Material for this task:
——————
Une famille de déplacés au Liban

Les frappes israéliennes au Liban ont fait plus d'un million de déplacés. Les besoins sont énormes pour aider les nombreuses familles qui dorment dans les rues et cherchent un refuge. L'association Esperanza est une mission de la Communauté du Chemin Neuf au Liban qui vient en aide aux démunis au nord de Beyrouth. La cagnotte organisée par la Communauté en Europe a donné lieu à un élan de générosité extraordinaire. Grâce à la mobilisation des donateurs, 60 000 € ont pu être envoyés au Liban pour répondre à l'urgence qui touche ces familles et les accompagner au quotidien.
——————
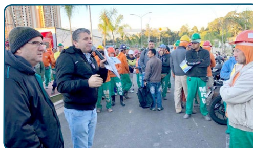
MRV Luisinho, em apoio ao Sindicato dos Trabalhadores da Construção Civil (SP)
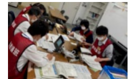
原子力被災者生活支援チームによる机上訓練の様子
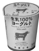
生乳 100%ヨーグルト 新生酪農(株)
——————
Work required: Take the lines above starting at the one containing "MRV Luisinho, em" and ending at the one containing "生乳 100%ヨーグルト 新生酪農(株)", and print them again exactly, without pictures.

Your solution:
MRV Luisinho, em apoio ao Sindicato dos Trabalhadores da Construção Civil (SP)
原子力被災者生活支援チームによる机上訓練の様子
生乳 100%ヨーグルト 新生酪農(株)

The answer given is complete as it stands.